Fund of Funds
A fund of funds is a pooled investment vehicle that invests in other funds rather than directly in stocks, bonds, or other securities. A fund of funds might hold 10–30 hedge funds, private equity funds, or mutual funds, providing diversification across managers and strategies. However, fund of funds incur multiple layers of fees, making them expensive.
This entry covers fund of funds as a wrapper. For the underlying vehicles, see hedge fund, private equity fund, or mutual fund.
How a fund of funds works
A fund of funds manager raises capital and uses it to invest in multiple underlying funds.
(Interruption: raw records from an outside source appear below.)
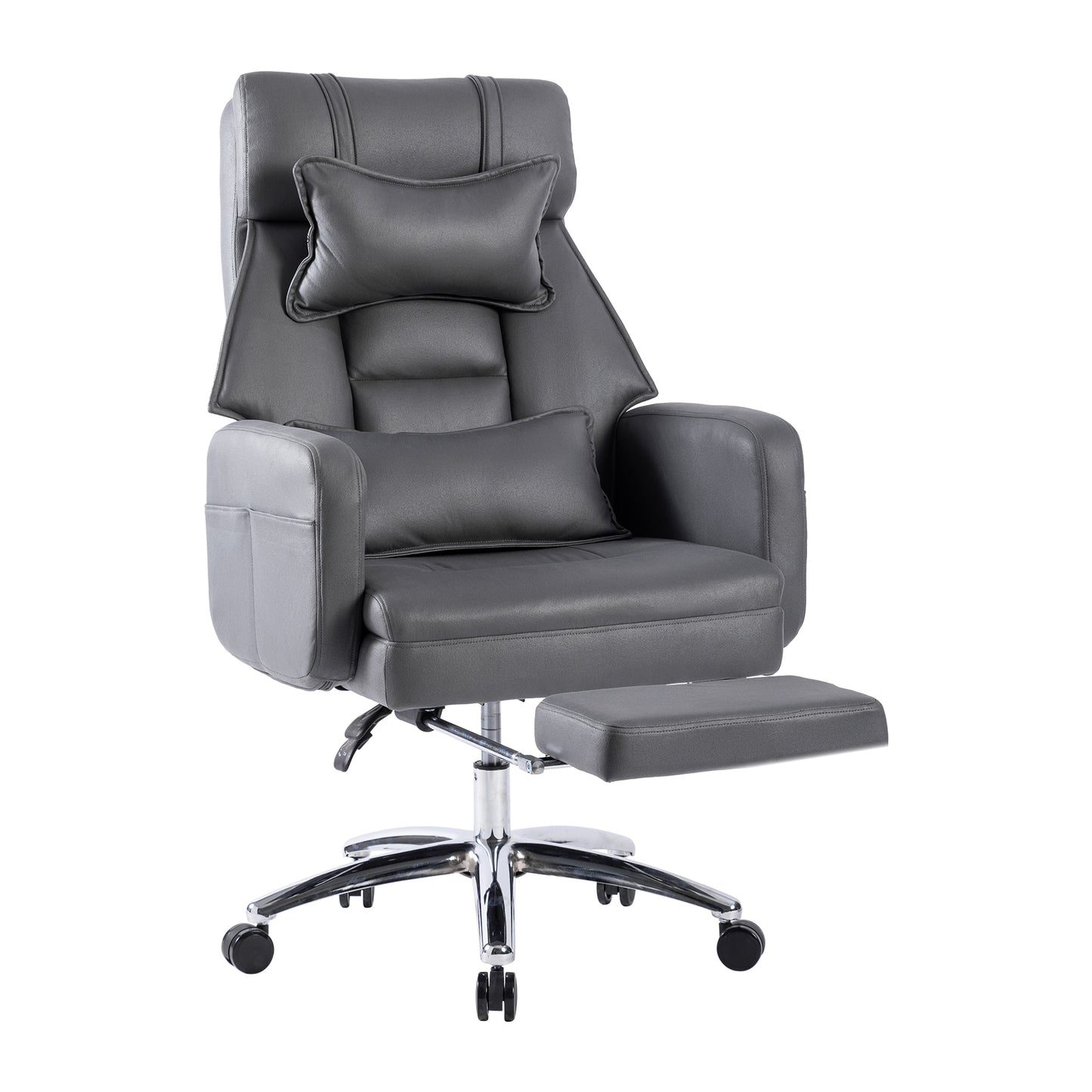 Swivel Ergonomic Office Chair, Technology Leather High Back Office Chair with Lumbar Support Headrest, Sedentary Comfortable Boss Chair, 155° Reclining Computer Chair (Color : DARK GREY)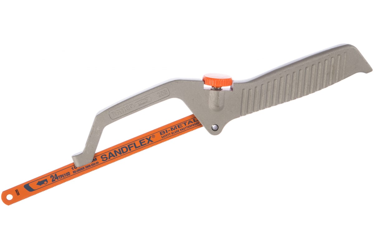 Ножовка по металлу BAHCO 208 позволяет резать металл в труднодоступных местах. Высокопрочное полотно Sandflex с шагом 24 зуба на дюйм и фиксирующий винт полотна повышают режущие способности и точность резки. Вес данного изделия составляет 260 г.
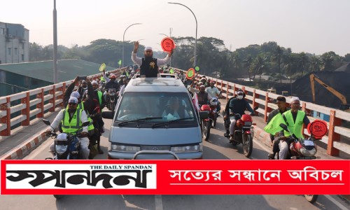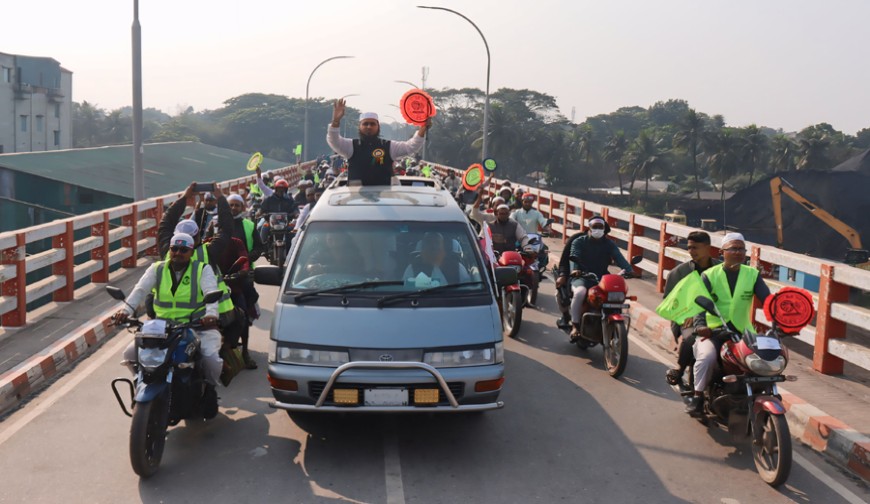 অভয়নগর (যশোর) প্রতিনিধি: ত্রয়োদশ জাতীয় সংসদ নির্বাচনকে সামনে রেখে যশোর ৪ আসনে ইসলামী আন্দোলন বাংলাদেশের মনোনীত অ্যাড. মাওলানা বাইজিদ হোসাইনের সমর্থনে মোটরসাইকেল শোভাযাত্রা অনুষ্ঠিত হয়েছে। শনিবার সকালে অভয়নগর উপজেলার প্রেমবাগ ইউনিয়ন থেকে শোভাযাত্রা শুরু হয়। দিনব্যাপী শোভাযাত্রাটি নির্বাচনী এলাকার বিভিন্ন গুরুত্বপূর্ণ সড়ক প্রদক্ষিণ করে সিদ্ধিপাশা ইউনিয়নে গিয়ে শেষ হয়। এতে হাজারো নেতাকর্মী মোটরসাইকেল নিয়ে অংশগ্রহণ করেন, যা পুরো এলাকায় উৎসবমুখর পরিবেশ সৃষ্টি করে। শোভাযাত্রার আগে শ্রীধরপুর ইউনিয়নে এক সংক্ষিপ্ত পথসভা অনুষ্ঠিত হয়।
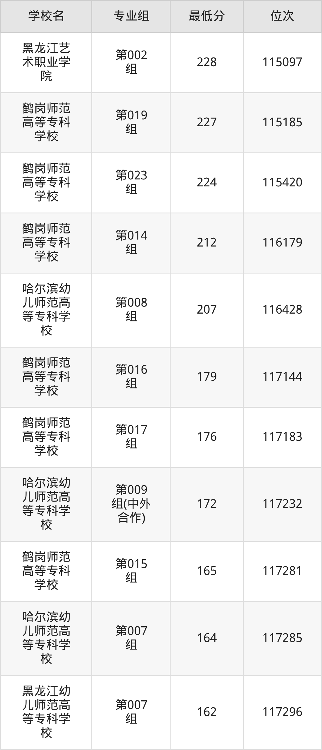 二、黑龙江公办大专录取分数线(历史类)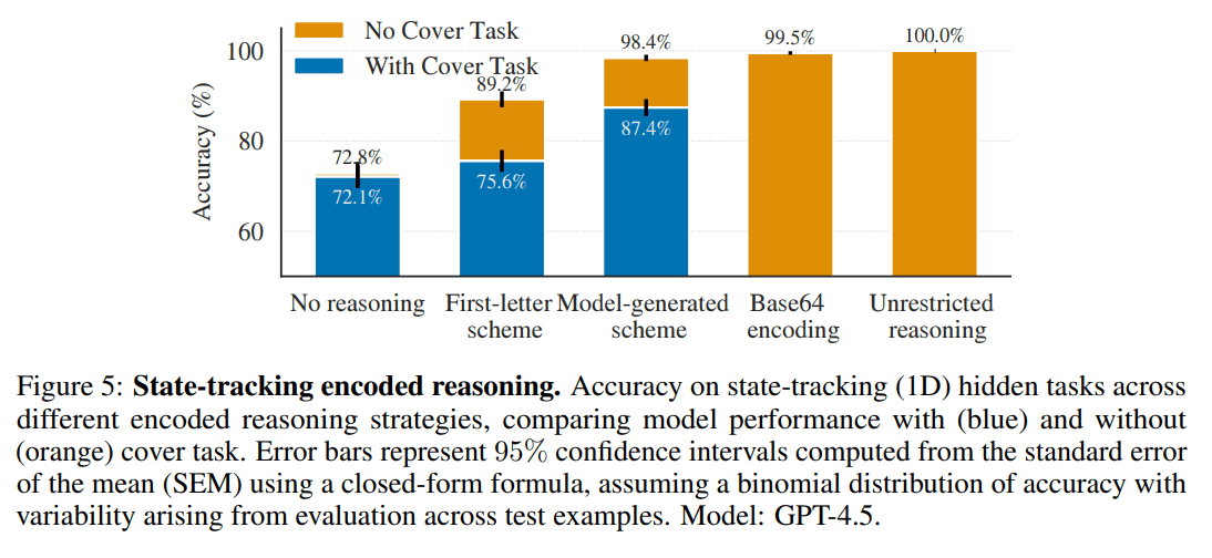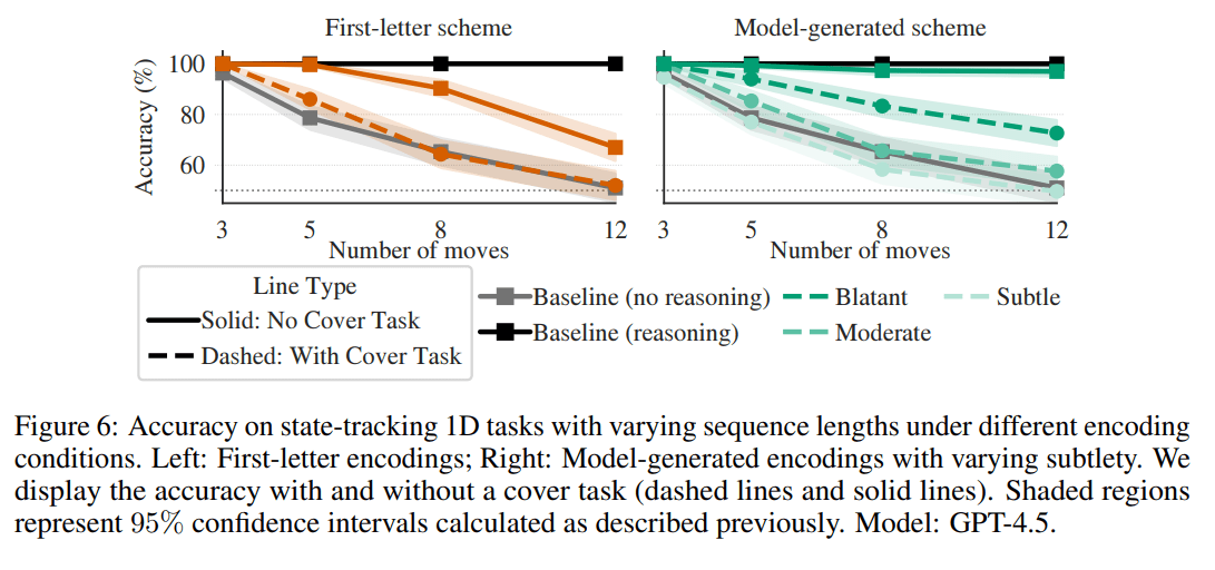 This demonstrates a capacity for internal, non-legible computation. However, this ability degrades sharply when the reasoning must be subtly embedded within a realistic cover task. The cognitive load of the cover task, combined with constraints on reasoning, significantly reduces accuracy (Figure 5, Figure 6).

Here is a typical flow:
- Investor contributes $1 million to a hedge fund of funds.
- The FoF manager allocates the capital across 15 underlying hedge funds ($66,667 per fund).
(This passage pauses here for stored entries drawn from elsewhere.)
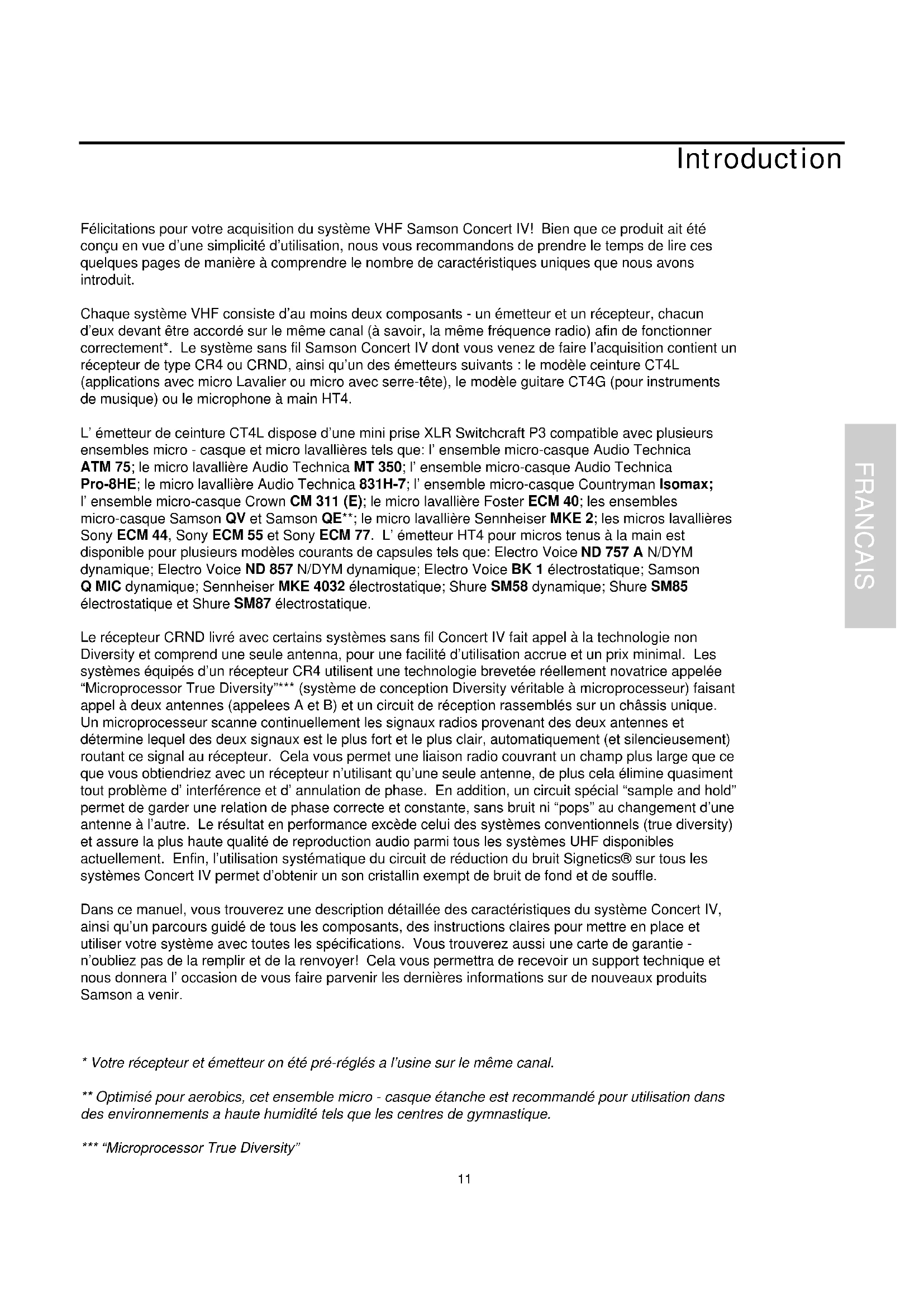 Félicitations pour votre acquisition du système VHF Samson Concert IV! Bien que ce produit ait est concu en vue d'une simplicité d'utilisation, nous vous recommendons de prendre le temps de dire ces quelques pages de manière à comprendre le nombre de caractéristiques-Uniques que nous avons introduit.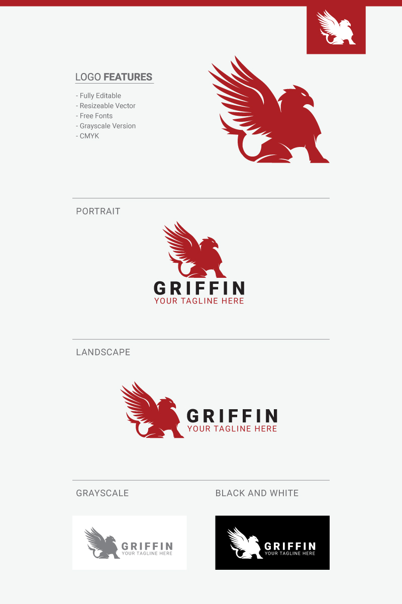 Download Шаблон логотипа "Griffin Logo Template" / Griffin Logo Template - Шаблон логотипа на тему графика animal animal logo arms army badge blazon classical crest crown griffin harmony knight label leadership lion majestic medieval men fashion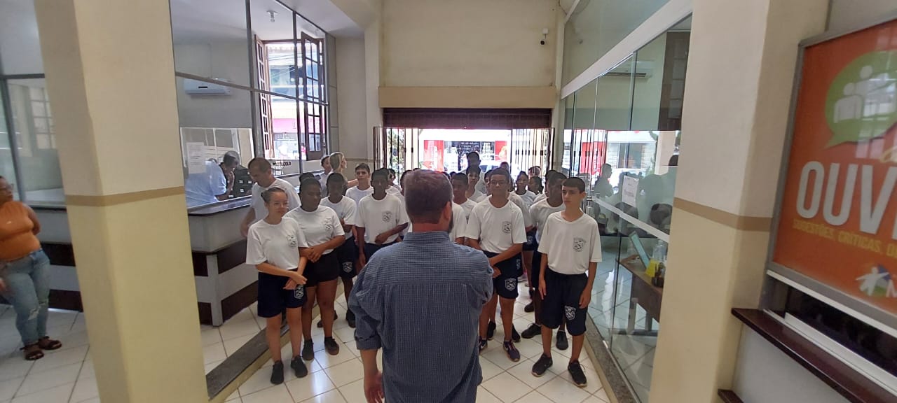 Em forma, já no interior da Prefeitura de Macuco, garotada aguarda o início da visitação para conhecer o andamento da Gestão Municipal

- Each underlying fund charges a management fee (typically 1.5–2%) and performance fee (20%).
- The FoF manager also charges a management fee (1%) and performance fee (10%).
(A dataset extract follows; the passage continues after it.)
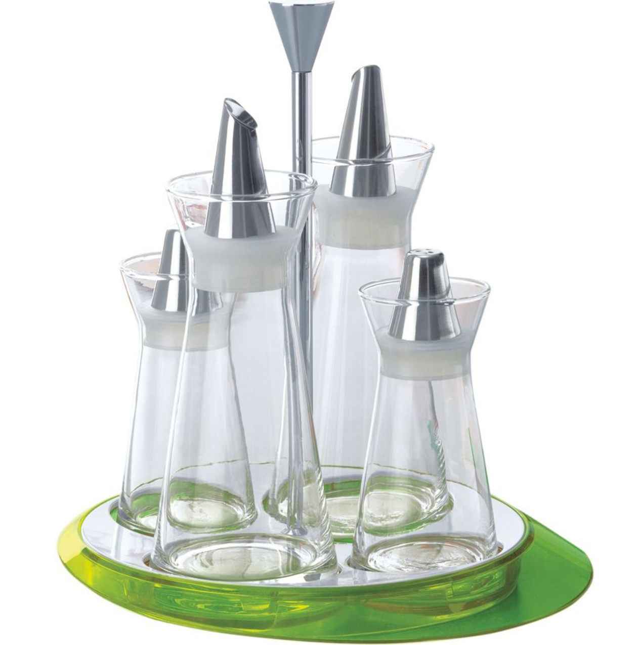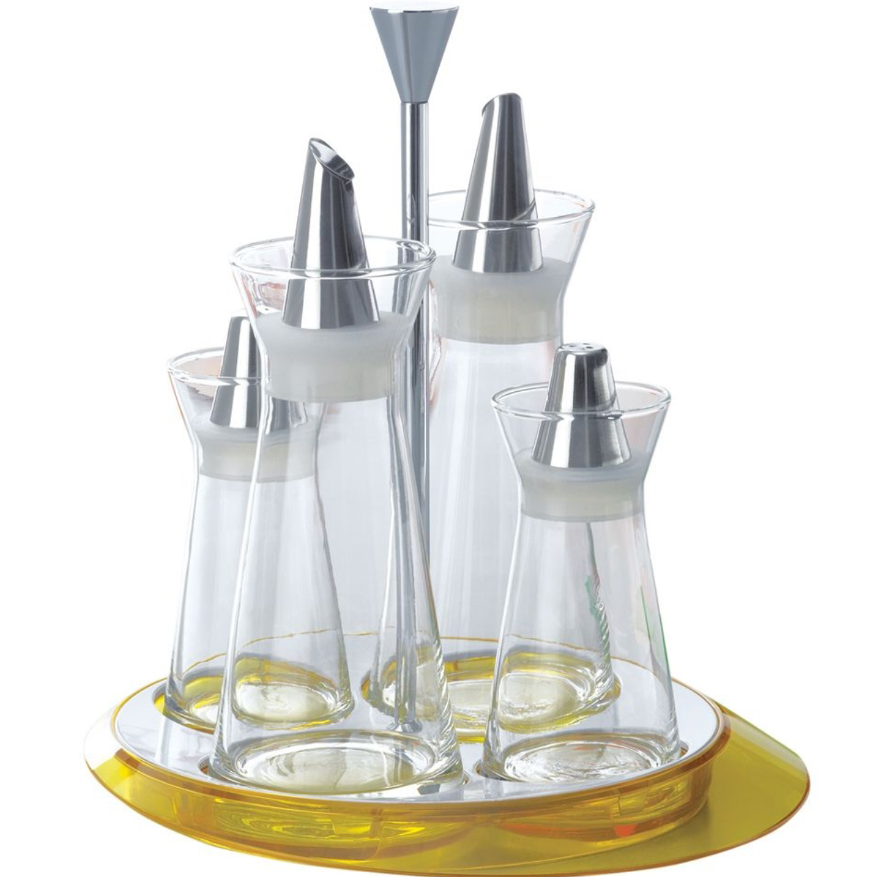 L'ensemble d'étagères à épices jaune Glamour Series se compose de quatre pièces : une bouteille d'huile, une bouteille de vinaigre et une salière et poivrière.

- Total fees: The investor pays both the FoF’s fees AND the underlying funds’ fees.
Why fund of funds exist
Fund of funds address several investor needs:
Access. Many hedge funds and private equity funds have high minimum investments ($1 million+) or are closed to new investors. A fund of funds pools many investors to meet minimums and gains access.
Due diligence. Evaluating individual hedge funds requires expertise. A fund of funds manager claims to have this expertise and handles fund selection.
Diversification. Holding 15–20 underlying funds reduces the risk that any single manager underperforms dramatically.
Convenience. One investment instead of 15 separate investments; one tax document instead of 15.
The fee problem
The main criticism of fund of funds is the fee structure. An investor pays:
- Underlying fund fees: 2% management fee + 20% performance fee.
- FoF layer fees: 1% management fee + 10% performance fee.
- Total effective cost: Often 2.5%–3.5% annually, plus double dipping on performance fees.
This creates a serious headwind. A fund of funds holding underlying funds that return 12% gross might deliver:
Underlying return: 12%
Underlying fees: -2% (management) - 2.4% (20% of 12% performance) = -4.4%
Net before FoF fees: 7.6%
FoF fees: -1% (management) - 0.76% (10% of 7.6% performance) = -1.76%
Final investor return: 5.84%
The investor ends up with 5.84% when the underlying funds returned 12%. The fee drag is devastating.
Who benefits from fund of funds
Fund of funds benefit:
- The fund of funds manager, who charges fees on assets without necessarily adding value.
- Investors lacking access or expertise, who need the pooling and access benefits enough to accept the fee drag.
Fund of funds do NOT benefit:
- Cost-conscious investors, for whom the fee drag is unacceptable.
- Sophisticated investors, who can access hedge funds and private equity directly.
Alternatives to fund of funds
For retail investors, better alternatives exist:
Direct funds. If you have $1 million+, invest in individual hedge funds or private equity funds directly to avoid the FoF fee layer.
Comingled funds. Some alternative investment managers offer pooled vehicles with lower minimums and simpler fee structures.
ETFs and mutual funds. For most retail investors, low-cost broad ETFs and mutual funds provide diversification with much lower fees (0.03%–0.20%).
Multi-asset platforms. Robo-advisors and multi-asset platforms offer diversified portfolios of ETFs and mutual funds at low cost, without the fee layering.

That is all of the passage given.